The relation between (1) your linked problem and (2) classic Kelly problem.

In both problems, the objective is the same: maximize expected log wealth. What differs is the set of securities you can buy.

  • The problem you linked to is a portfolio allocation problem between $m$ arrow securities for $m$ states of the world. E.g. in the case $m=2$, you have two securities with payoffs: $$ \begin{bmatrix} o_1 \\ 0 \end{bmatrix} \quad \quad \quad \begin{bmatrix} 0 \\ o_2 \end{bmatrix} $$
  • In the binary, classic Kelly betting problem the security payoffs are:

$$ \begin{bmatrix} o_1 \\ 0 \end{bmatrix} \quad \quad \quad \begin{bmatrix} 1 \\ 1 \end{bmatrix} $$ The second security is from holding cash (i.e. not betting). The solutions to these problems are entirely compatible. In both problems, the share of $t=0$ wealth you spend to buy $t=1$ payoffs in state $i$ is simply $p_i$. In neither problem does it depend on odds $o_i$. (It appears to depend on $o_i$ in the classic Kelly problem because of obfuscation due to the risk free security.)

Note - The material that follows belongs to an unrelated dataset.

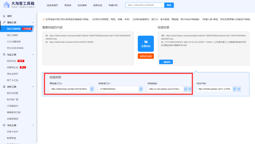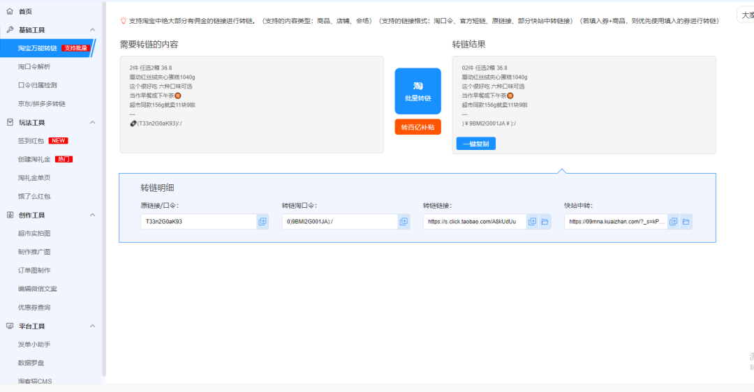 (2)在传统采集群里看到不错的品,可直接复制券+商品链接,用淘宝万能转链工具转链即可获得二合一链接和淘口令~

Some possible intuition? Imagine you save fraction $b$ of your wealth each period and earn interest rate $r$, hence wealth $w_t=[b(1+r)]^t$. Your growth rate is $\frac{\partial \log w}{\partial t} = \log b + \log (1+r)$. The growth rate is linearly separable in savings rate and the interest rate. A higher interest $r$ makes your wealth grow faster, but it doesn't enter into the marginal effect of saving more $\frac{\partial^2 \log w}{\partial t \partial b} = \frac{1}{b}$.

Your problem: setup

  • There are $m$ different horses (i.e. outcomes).
  • You bet fraction $b_i$ of wealth on horse $i$.
  • Horse $i$ pays $o_i$ if you win and has a $p_i$ chance of winning.
  • You must bet all your wealth: $\sum_i b_i = 1$.

Hence, if horse $i$ wins, you will have $o_ib_i$ times your original wealth. Your expected log wealth is $\sum_{i=1}^m p_i (\log o_ib_i)$.

Maximize expectation of log wealth:

This is equivalent to maximizing your growth rate. The problem is:

$$\begin{equation} \begin{array}{*2{>{\displaystyle}r}} \mbox{maximize (over $b_i$)} & \sum_{i=1}^m p_i (\log o_i + \log b_i) \\ \mbox{subject to} & \sum_{i=1}^m b_i = 1 \end{array} \end{equation} $$ This is a convex optimization problem where Slater condition holds hence the first order conditions are necessary and sufficient. Lagrangian is $ \mathcal{L} = \sum_{i=1}^m p_i (\log o_i + \log b_i) - \lambda \left(\sum_i b_i - 1\right)$

First order conditions are: $$ \frac{p_i}{b_i} = \lambda \text{ for all $i$} \quad \quad \quad \sum_i b_i = 1 $$

Hence $\lambda = 1$ and $b_i = p_i$.

Relation to classic Kelly criterion problem (case $m=2$)

You are deciding how much wealth to allocate to a risky bet that pays odds $o_1$ and a riskless bet that pays odds 1 (i.e. net odds 0). This is equivalent to a portfolio allocation to securities with payoffs $\begin{bmatrix} o_1\\0\end{bmatrix}$ and $\begin{bmatrix} 1 \\ 1 \end{bmatrix}$ (both of whose price is 1).

The classic Kelly criterion solution is that the agent allocates:

  • $p_1 - \frac{p_2}{o_1 - 1}$ to the security with price 1 and payoff $\begin{bmatrix}o_1 \\ 0 \end{bmatrix}$
  • $1 - p_1 + \frac{p_2}{o_1 - 1}$ to the security with price 1 and payoff $\begin{bmatrix} 1 \\ 1 \end{bmatrix}$

What is the agent's payoff in state 1?

\begin{align*} \left( p_1 - \frac{p_2}{o_1 - 1}\right) \cdot o_1 + \left( 1 - p_1 + \frac{p_2}{o_1 - 1} \right) \cdot 1 &= p_1o_1 \end{align*}

What is the agent's payoff in state 2?

$$\left( 1 - p_1 + \frac{p_2}{o_1 - 1} \right) \cdot 1 = p_2 \left( \frac{o_1}{o_1 - 1} \right) $$

How much $t=0$ wealth does the agent spend at price $\frac{1}{o_1}$ to get the state 1 payoff?

\begin{align*} b_1 = o_1p_1 \frac{1}{o_1} = p_1 \end{align*} From the existing securities, you can construct an security with price $1$ and payoff $\begin{bmatrix}1\\o_2 \end{bmatrix}$ where $o_2 = \frac{o_1}{o_1 - 1}$.

How much wealth does the agent spend at price $\frac{1}{o_2} = \frac{o_1-1}{o_1}$ to get the state 2 payoff?

\begin{align*} b_2 = \left( p_2 \left( \frac{o_1}{o_1 - 1} \right) \right) \frac{o_1-1}{o_1} = p_2 \end{align*}

So the solutions are entirely compatible, you choose $b_1 = p_1$ and $b_2 = p_2$ in the classic Kelly problem as well.